Most athletes will know the agony. Some more than others. One minute you’re playing your best game or sprinting to the finish line, the next your calf/foot/hammy/quad, has contracted involuntarily and you’re on the ground in agony. Damn cramps – how do I stop them?

Many anecdotes exist regarding what you can do to treat and prevent exercise associated muscle cramps, but what does the science say?

It’s interesting, that despite being one of the most well researched phenomenon’s in sport; we still don’t have all the answers as to what actually causes exercise associated muscle cramps, and how to treat or prevent them.

Currently, the two best supported hypotheses for cramps in our muscles are:

  • neuromuscular fatigue;
  • and tiny changes or imbalances in electrolytes.

The overwhelming evidence in exercise related cramp prevention is to ensure you are appropriately conditioned. Following your training and recovery programs and maintaining adequate fitness is the major key to avoiding cramps.

But is it that simple? What else can you try? The following suggestions are general in nature and not intended to take the place of individual advice obtained from a medical or health professional.

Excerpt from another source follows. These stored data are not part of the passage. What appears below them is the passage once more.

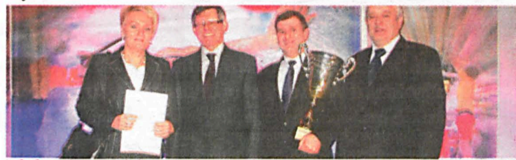
Władze miasta z ministrem Adamem Gierszem

Biała Podlaska najlepsza Polskiego Komitetu Olimpijskiego w Warszawie odbyło się podsumowanie współzawodnictwa sportowego dzieci i młodzieży za 2010 rok. Zaproszenia na uroczystość otrzymali przedstawiciele wyróżnionych województw, powiatów, gmin, klubów i uczniowskich klubów sportowych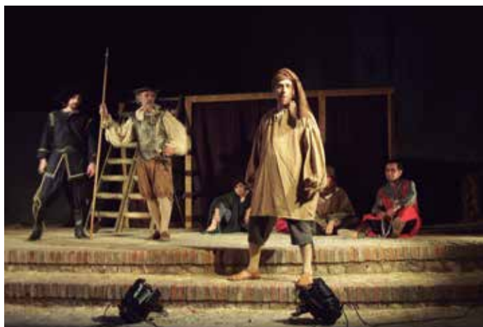
Representación teatral en Villa de Don Fadrique (Toledo)

Los datos del estudio muestran también que el 85% de las Entidades Locales afectadas respondieron al planteamiento formulado por la SGAE y la FEMP y que de todas ellas sólo un 19%, 566 Ayuntamientos, dieron una respuesta negativa.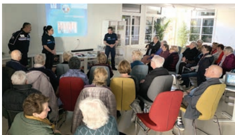
3 avril Réunion de prévention sécurité destinée aux seniors, à l'initiative du Club de l'amitié et en partenariat avec la Police municipale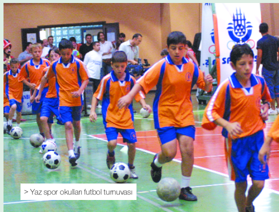
> Yaz spor okulları futbol turnuvası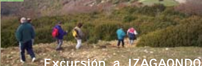
Excursión a IZAGAONDOA (06-11-04)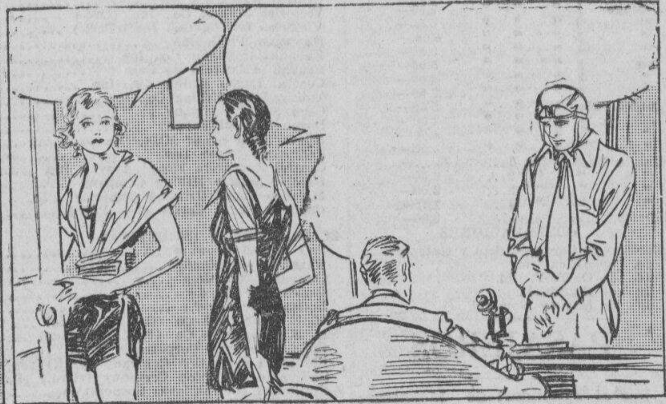
CONNIE: Venga, Mme. Zurich. Tenemos mucho que telefonar. ZURICH: Apenas se como comenzar. He vivido por tanto tiempo en Amperia que desconozco ya todos los estilos. WALLACE: Habia Vd. dicho que tenia un asunto personal de que hablar, Dizzy? DIZZY: Sí, Mr. Wallace. Ahora que esto ha terminado, tengo que decirle algo sobre mi.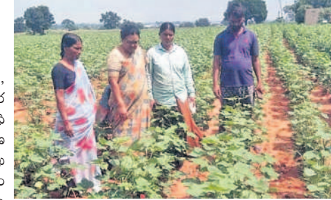
కేశంపేటలో పత్తి పంటను పరిశీలిస్తున్న డీఎస్ గీతారెడ్డి

కేశంపేట, సెప్టెంబర్ 30 : పత్తి, మొక్కజొన్న పంటల్లో తెగుళ్ల నివారణకు రైతులు వ్యవసాయ శాఖ అధికారుల సూచనల మేరకు సస్యరక్షణ చర్యలు చేపట్టాలని వ్యవసాయ శాఖ జిల్లా అధికారిణి గీతారెడ్డి సూచించారు. కేశంపేట మండల కేంద్రంలోని పలువురి రైతుల పత్తి, మొక్కజొన్న పంటలను ఆమె పరిశీలించారు. పంటలకు పలు రకాల తెగుళ్లు వస్తున్నాయని తెలిపారు. వాటి నివారణకు వ్యవసాయ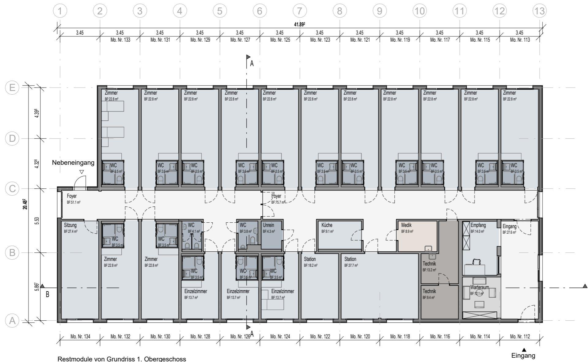
Restmodule von Grundriss 1. Obergeschoss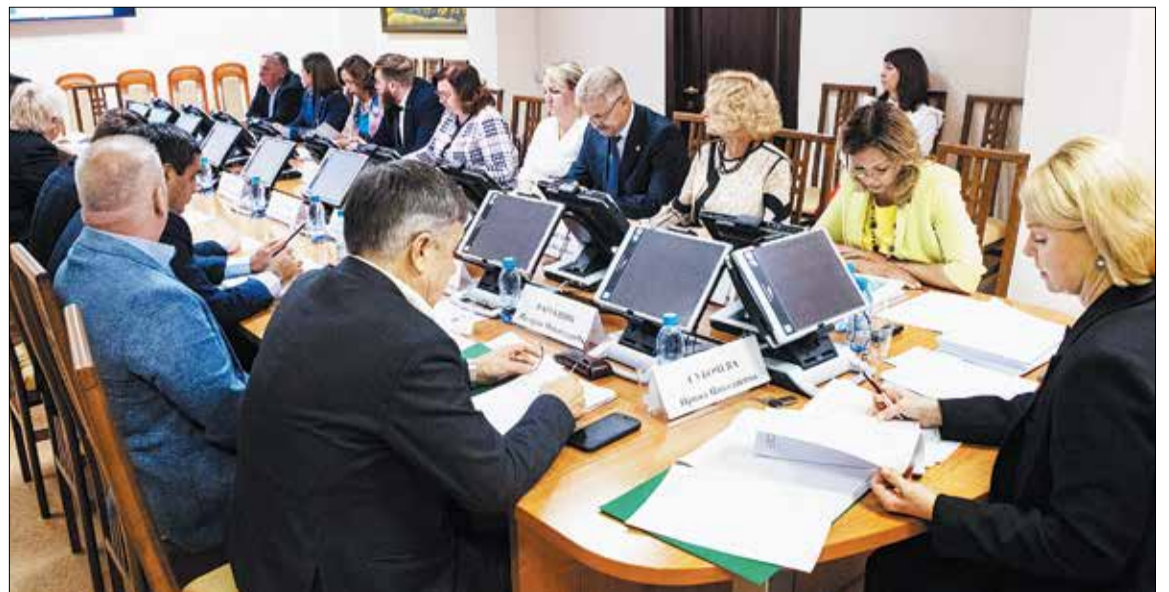
❷ Профильный комитет продолжает совершенствовать законодательство в сфере защиты прав ребенка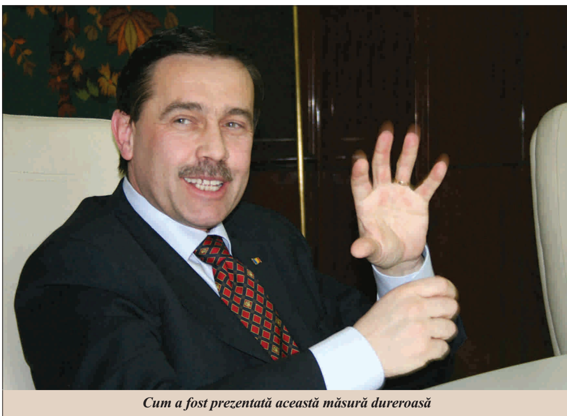
Cum a fost prezentată această măsură dureroasă

Discuțiile cu ziariștii au vizat, pe lângă restructurarea agențiilor din subordine, și problema trimiterii bugetarilor în concediu forțat, fără plată, - măsură care coincide, de altfel, cu o reducere salarială, când și așa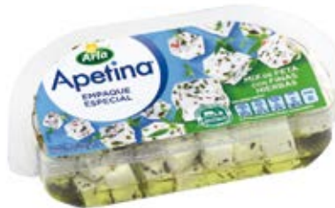
Mix de Feta con finas hierbas Cont. Net.: 100g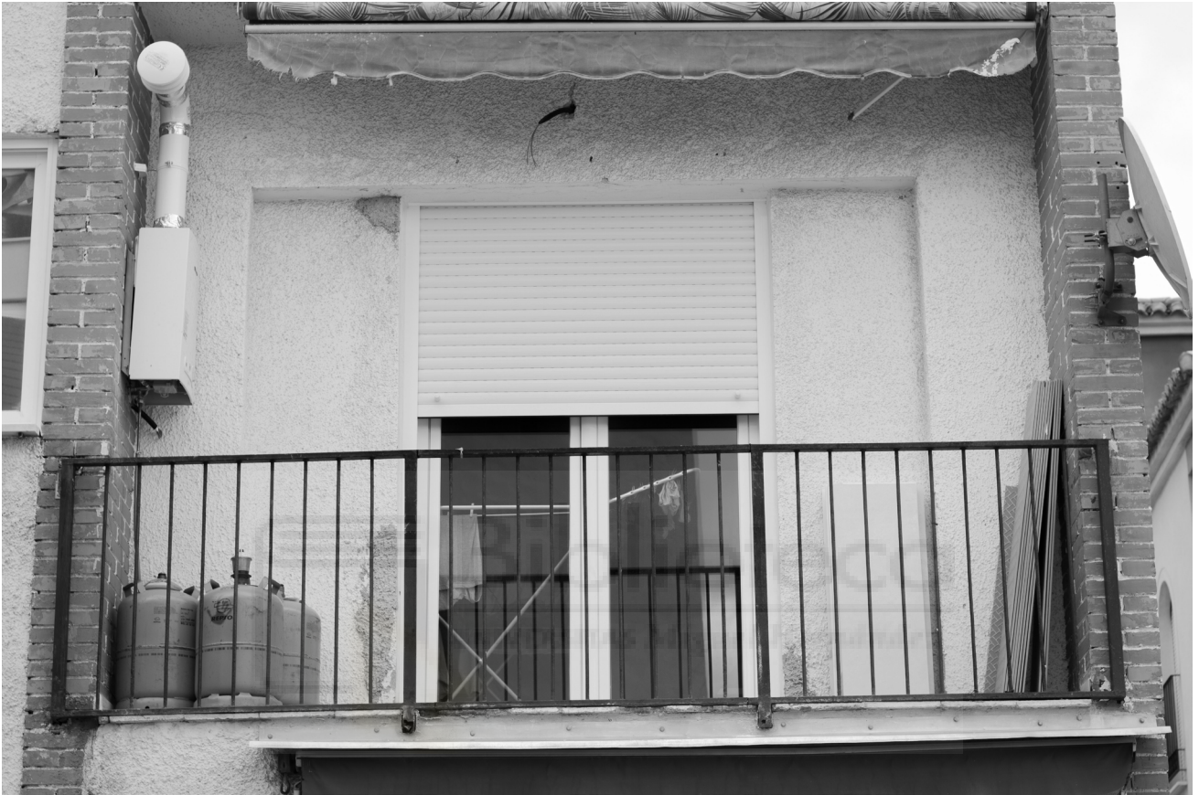
11, 2022. Fotografía digital B/N. 42 x 29,7 cm c/u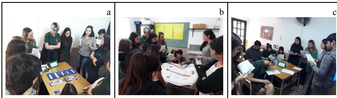
Figura 3. Desarrollo del taller “Bajando los humos”. a: intercambio de ideas acerca de la cadena de comercialización del cigarrillo. b: puesta en acción de un simulador fuma cigarrillos. c: Intercambio de ideas sobre la legislación vigente en torno al consumo de tabaco.

Al culminar la implementación de los talleres se les solicitó a los/as docentes en formación que completaran una encuesta de opinión anónima y en formato on line. Dichas opiniones se describen en el siguiente apartado.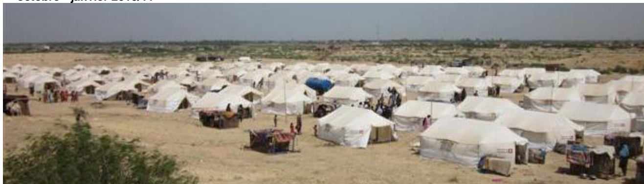
Camp de sans-abri avec des tentes de la DDC et de la Croix-Rouge suisse, Hyderabad, septembre 2010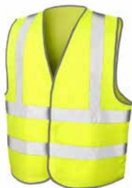
Gilet de sécurité // 19€50 Motif dans le dos et logo à l'avant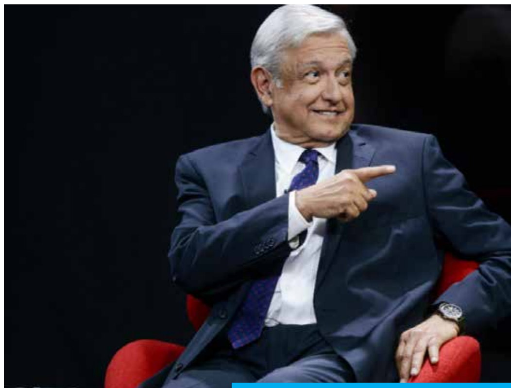
Andrés Manuel López Obrador y Carlos Salinas de Gortari.

abusos ni su corrupción e impunidad. Sin embargo, usando una fantasía, Ivonne Ortega, la desprestigiada ex gobernadora de Yucatán, vende su activismo por “la militancia” pero se niega a aceptar que lo hace para que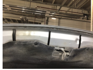
Motor kaputu, Motor kaputu > Pas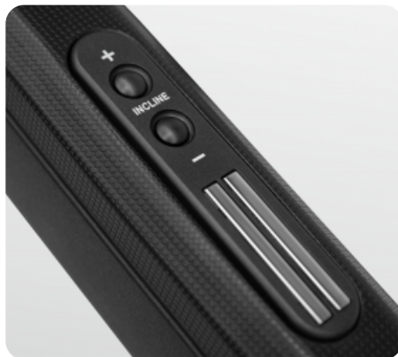
Регулировка наклона (0-12%)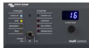
Tableau de commande numérique Multi Control

Afin d'implémenter les fonctions PowerControl et PowerAssist et pour optimiser l'autoconsommation grâce à une sonde de courant externe. Courant maximal : 50 A, 100 A respectivement. Longueur du câble de connexion : 1 m.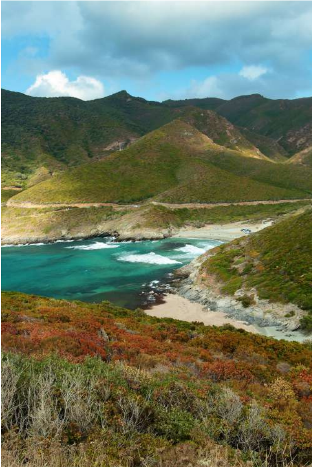
Plage d'Aliso - Aliso Beach

Arrivé à Santa Severa , marine de la commune de Luri , une alternative s'offre à vous. Vous pouvez choisir d'emprunter la D180,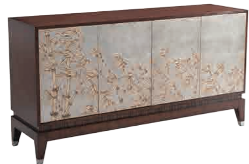
サイドボード(M6105-437) W173xD48xH92cm 885,600円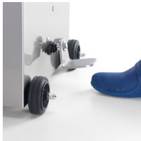
Automatic piston return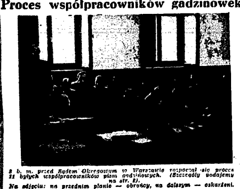
8 b. m. przed Radą Odbudowy to Warszawa rozpoczął się proces 11 byłych współpracowników planu odbudowy. (Odczytu bodajemu. Nie odjeżdża na przednim planie — obrotny, na dalszym — oskarżeni.

LONDON (PAP). Daily Telegraph donosi, że Scotland Yard wykrył dochodzenie w sprawie nadużycia, wykrytych w ministerstwie handlu.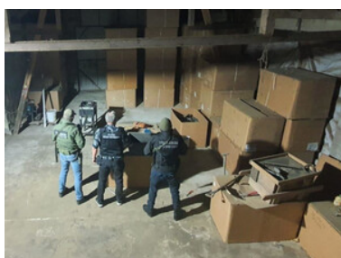
Funkcjonariusze ujawnili znaczne ilości nielegalnego tytoniu.

W wyniku przeszukań funkcjonariusze zajęli także maszynę do cięcia tytoniu, rozdrabniarkę, wagę oraz inne urządzenia służące do produkcji krajanki tytoniowej. Na czas czynności procesowych funkcjonariusze Straży Granicznej zatrzymali właścicieli posesji. Dalsze postępowanie w tej sprawie prowadzi Krajowa Administracja Skarbowa.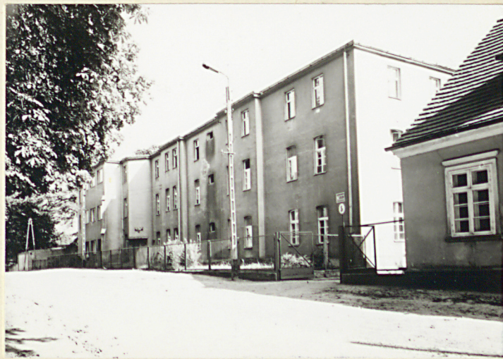
7. DANY DOK ZARONNY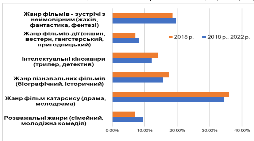
Діаграма 2. Соціологічний аналіз емпіричного матеріалу щодо кіновподобань студентської молоді (жанрові напрями)

Подібні хоч не надто значні зміни у кіно-уподобаннях студентської молоді, на нашу думку, можуть бути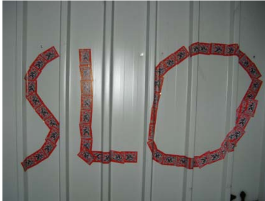
Slika 9.5: Grafit, narejen s pomočjo nalepk skupine Tukaj je Slovenija

Enemu grafitu pa so spet spremenili pomen: »PARTIZANI SO SE BORILI ZA NAROD, NE NE ZA TUJCE KOT SE VI AFAJEVCI«. Na grafit: »A – FA« (z rdečo-črno zvezdo) ≠ »LEFTWINGED EXTREMISM« (z rdečo zvezdo, v kateri sta simbola srp in kladivo) so prilepili še nalepke s simbolom karantanskega panterja in napisom »TUKAJ JE SLOVENIJA«, iz teh nalepk pa so oblikovali tudi besedo »SLO«.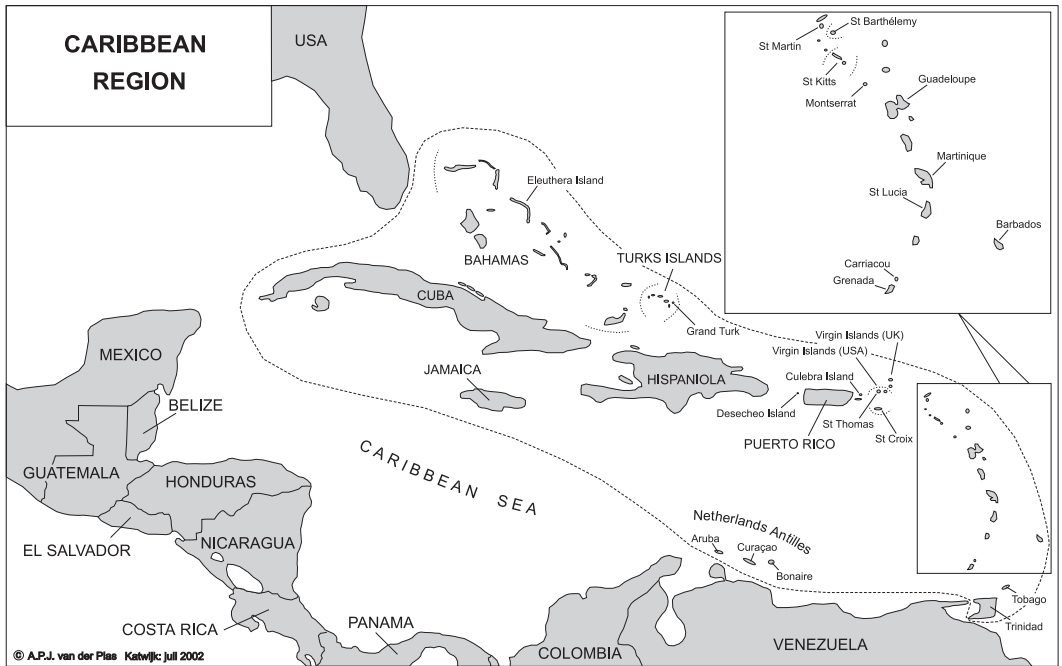
FIGURE 1 Map of Caribbean region with main islands and island groups and individual islands mentioned in the survey of records; bird records in this paper originate from area within dotted line

Curlew Sandpiper, breed in the easternmost regions of the Palearctic. These species could also reach the Caribbean region 'the other way round', across North America. For all other species listed below, it may be assumed that they have crossed the Atlantic Ocean to reach the Caribbean (including the possibility of ship-assisted passage). This conclusion is supported by the fact that a large number of records come from Barbados, the easternmost island of the Lesser Antilles; Bull (1978) reached the same conclusion but based on a much smaller number of (then known) records. Introduced species from Palearctic origin (for instance, Eurasian Collared Dove Streptopelia decaocto (possibly 'self-introduced' by ship-assisted arrivals), Common Starling Sturnus vulgaris and House Sparrow Passer domesticus ) are not included in the list. For information on the spread of Eurasian Collared Dove in the Caribbean region, see, for instance, Garrido & Kirkconnell (1990), Smith (1995), Francis (1996), Barré et al (1997) and Pitiré 9 (3): 2-4.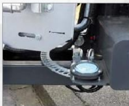
Vícenásobně nastavitelný otáčecí mechanismus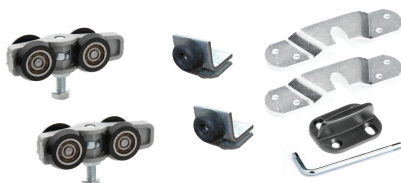
Rullar, ändstop, bärplattor, styrmoten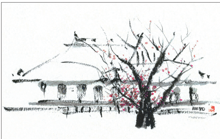
「梅香る弘道館」(水戸市)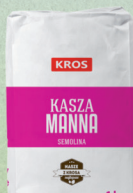
KASZA MANNA 1 kg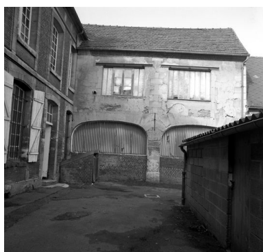
Atelier de fabrication, façade sur cour et aile en retour.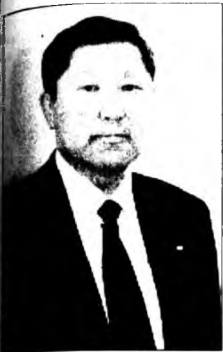
Уважаемые жители Бурятии!

23 июня состоятся выборы Президента Республики Бурятия, на которые я решил выдвинуть свою кандидатуру.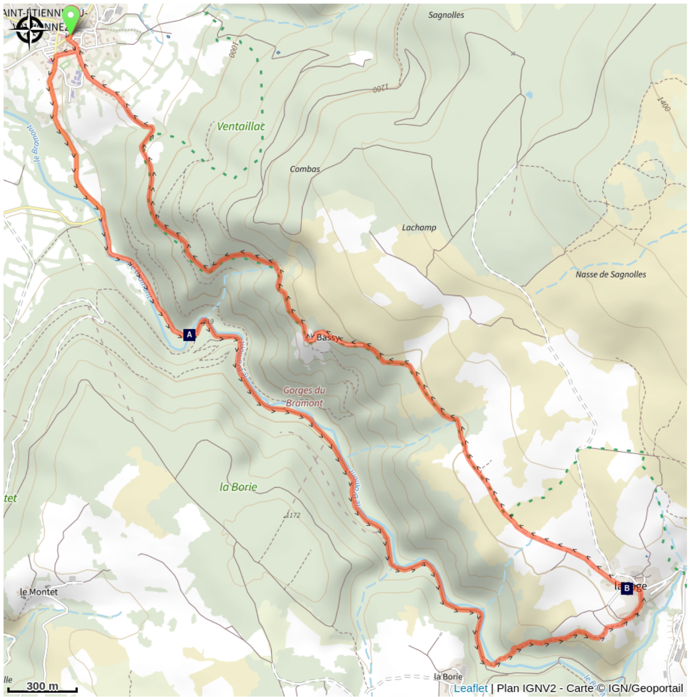
Le Bramont (A)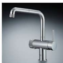
節湯水栓への取替え 補助額：未定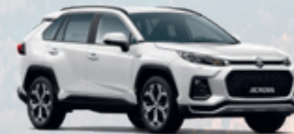
NEW ACROSS PLUG-IN-HYBRID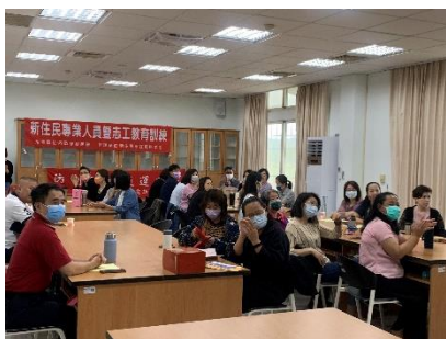
112年5月13日新住民專業人員暨志工教育訓練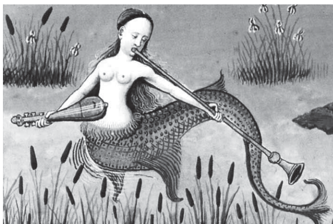
p. 32 / Sirènes : les chants de l'eau.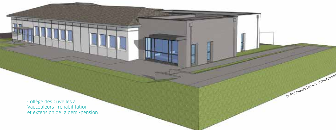
Collège des Cuvelles à Vaucouleurs : réhabilitation et extension de la demi-pension.

Curie de Boulogny. Le Conseil départemental de la Meuse s'engage notamment à associer, le moment venu, la communauté éducative à toutes les étapes clés des projets immobiliers prévus.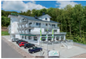
LANDHOTEL KRISTALL BAD MARIENBERG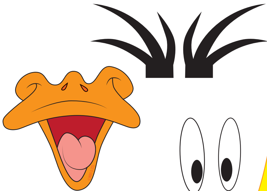
Parti di Daffy Duck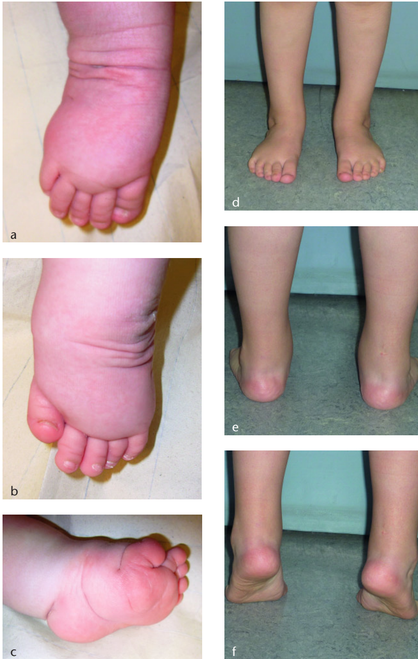
Abbildung 6a-f Fallbeispiel, beidseitiger atypischer Klumpfuß. Auswärtige Vorbehandlung mit gerutschten Gipsen. Ergebnis im Alter von 5 Jahren nach Gipsredression und perkutaner Tenotomie, rechts zweimalig, links einmalig.

den. Die Dorsalextension lag im Durchschnitt bei 17,5^\circ und die Plantarflexion durchschnittlich bei 41,2^\circ und waren damit vergleichbar gut wie die funktionellen Ergebnisse von nicht atypischen Klumpfüßen, welche mit der klassischen Ponseti-Methode behandelt wurden [5, 6, 15–17]. Die Rezidivrate lag bei einem durchschnittlichen Untersuchungszeitraum von 48,5 Monaten bei 19% (3 von 16 Füßen). Die Rezidivrate lag in der Studie von Ponseti et al. bei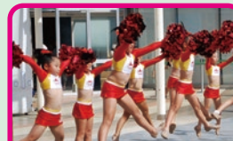
ジュニアチアダンス教室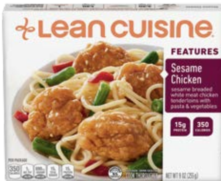
Trocitos De Pollo Al Ajonjolí Cont. Net.: 255g

If you’re a salty sweater, exercising in warm conditions or your diet is restricted or lacking in variety, ensuring you are getting enough electrolytes can be a good place to start. If you suffer from regular cramps, a simple blood test ordered by your GP may help identify any deficiencies. If you are deficient in something, speak to your doctor or sports dietitian for individual advice. It’s wise to prioritise food over supplements; make sure you include foods rich in potassium (fruits and vegetables), magnesium (nuts and seeds, wholegrains, dairy, leafy greens) and calcium (dairy, fortified dairy alternatives, bony fish) as part of your everyday diet. Whilst most people eat plenty of sodium, if you’re a salty sweater you may benefit form adding some salty foods like vegemite, bread, cheese, pretzels or crackers to you pre event meals. An electrolyte drink as your main source of hydration during sport might also be helpful.


Make sure you’re adequately fuelled and have had plenty of foods rich in carbohydrate the day before and before you play or train. If fuelled well, time to fatigue is greater and potentially this may help prevent onset of fatigue related cramps. Food will also add some bonus electrolytes. If you are exercising for more than 60 minutes at high intensity, some additional fuel during your event may help. Try a piece of fruit, handful of jelly lollies, a sports gel or a sports drink at half time.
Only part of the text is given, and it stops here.